In the Methods, "Aortic valve calcifications and calcifications associated with the coeliac trunk were excluded." Why not considering calcium burden in other sites, such as aortic valve, abdominal vessels...? It might further stratify patients' risk.

In the Methods "All mentioned values are stated as average ± standard deviation, if not otherwise specified." Actually, AWC (Table 1) should be expressed as median (interquartile range), because it is clearly not normally distributed.

In the discussion, the Authors correctly stated that "The short-term 5-day outcome of COVID-19 has been successfully predicted by quantification of lung involvement" despite being "highly susceptible to the time point of imaging during early COVID-19." Nevertheless, I would try to explore whether the extent of lung involvement is somehow correlated to AWC and whether it provides additive prognostic information on top of AWC.

Reviewer #2: General comment:

Generally, this is an interesting paper, which seems to have significantly benefited from previous reviewers’ comments. The idea of the paper to quantify aortic calcium burden to help predicting the course of COVID19 might be a helpful tool in clinical practice.
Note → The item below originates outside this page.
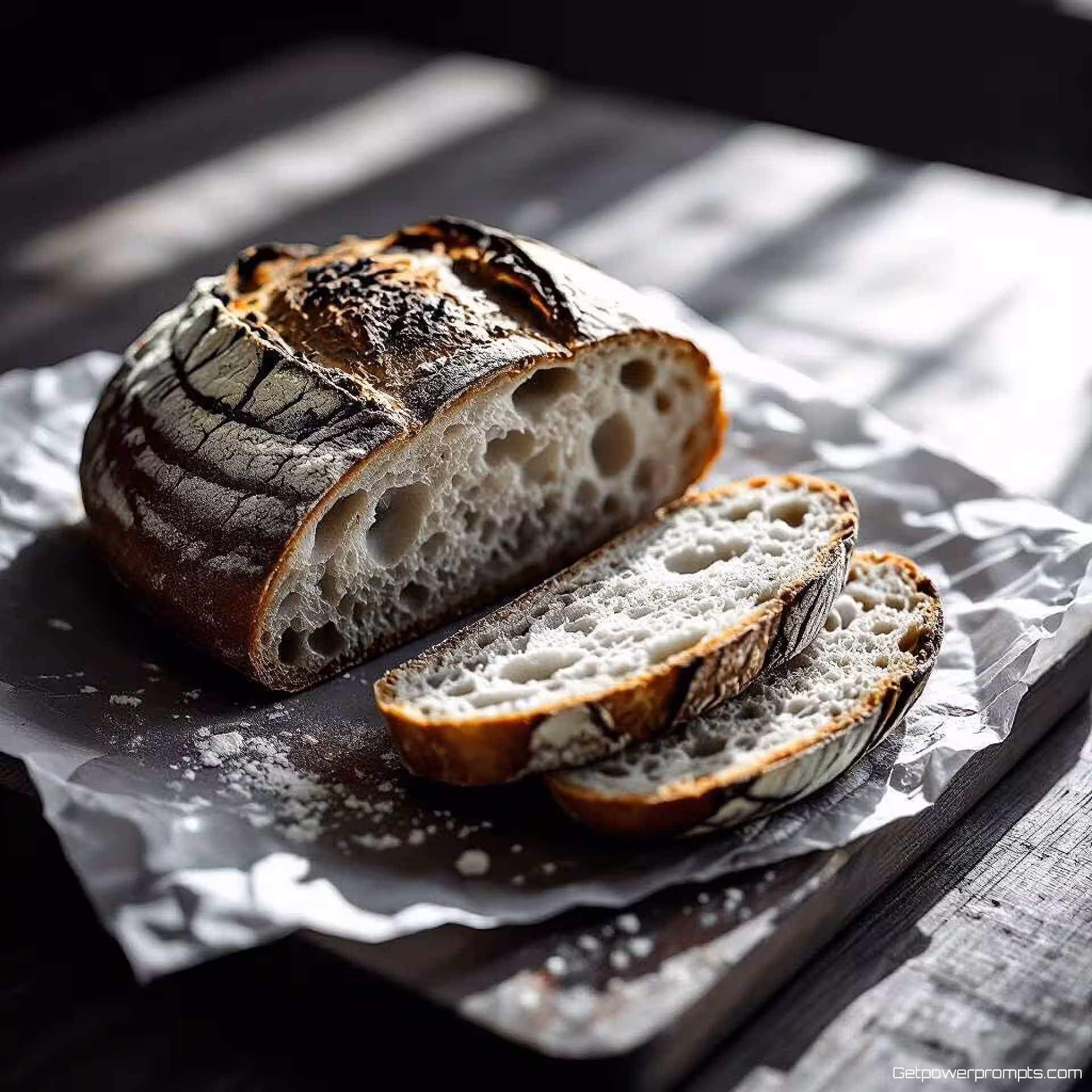 Ambachtelijk zuurdesembrood, zwart-wit voedsel fotografie, documentair, close-up perspectief, dramatisch belichting, dramatisch sfeer, culinaire presentatie, textuur details, monochrome tonen, fijne kunst esthetiek, professionele kwaliteit, dramatische schaduwen

However, the authors may not over exaggerate the findings of a small retrospective study by including prediction assumptions but rather state the correlation and, potentially, recommend a prospective study setting.

Specific comments:

Introduction:

It is still fairly long and may benefit from further shortening.

The objective may be rewritten because AWC does not influence the course of COVID19 but might represent some kind of biomarker, which helps to predict the course of COVID 19.

Material and Methods:

LDCT scanning protocols: it seems the tube voltage of the CT scanner was 100kVp while the voltage of center 1 was 120 kVp. It is known that lowering the tube voltage increases the CT numbers of calcification, yielding false high measurements. Has this been compensated? Was the Philips software feasible to correct for this? Otherwise, measurements might be skewed.
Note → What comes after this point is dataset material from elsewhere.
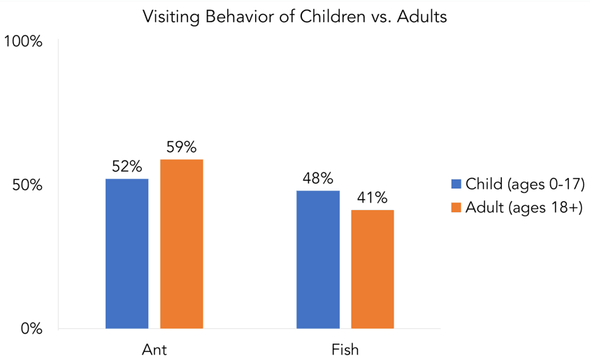 Visiting behavior of children vs adults

It appears that the radiation dose of both centers differed significantly, and you analyzed images of different slice thicknesses, which is also prone to systematic errors. Has this problem been considered?
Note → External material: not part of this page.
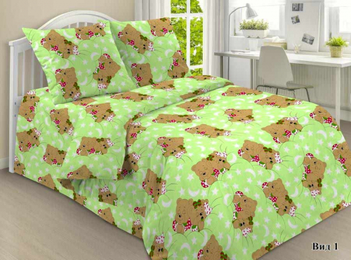 ДКПБ в кроватку бязь 135 гр/м (наволочка 60х60 см) Мишки арт. 1286/1 (зеленый)

“For independence of imaging results” might be omitted, since it has not been tested.

Statistical and data analysis:

Multiple regression analyses should be screened for interactions of variables. Based on experience and literature, interactions of age, gender, and AWC are highly suspected.

Further demographic data (e.g., patient size) may be included in multiple regression analysis, as they will affect the total amount of AWC.

Results:

Discussion:

May be shortened and focused on the discussion of the study’s results. Repetitions from the introduction may be removed.

Discussion of cut-off values (L238-241) is not supported by the results section. These findings may be added to the results section.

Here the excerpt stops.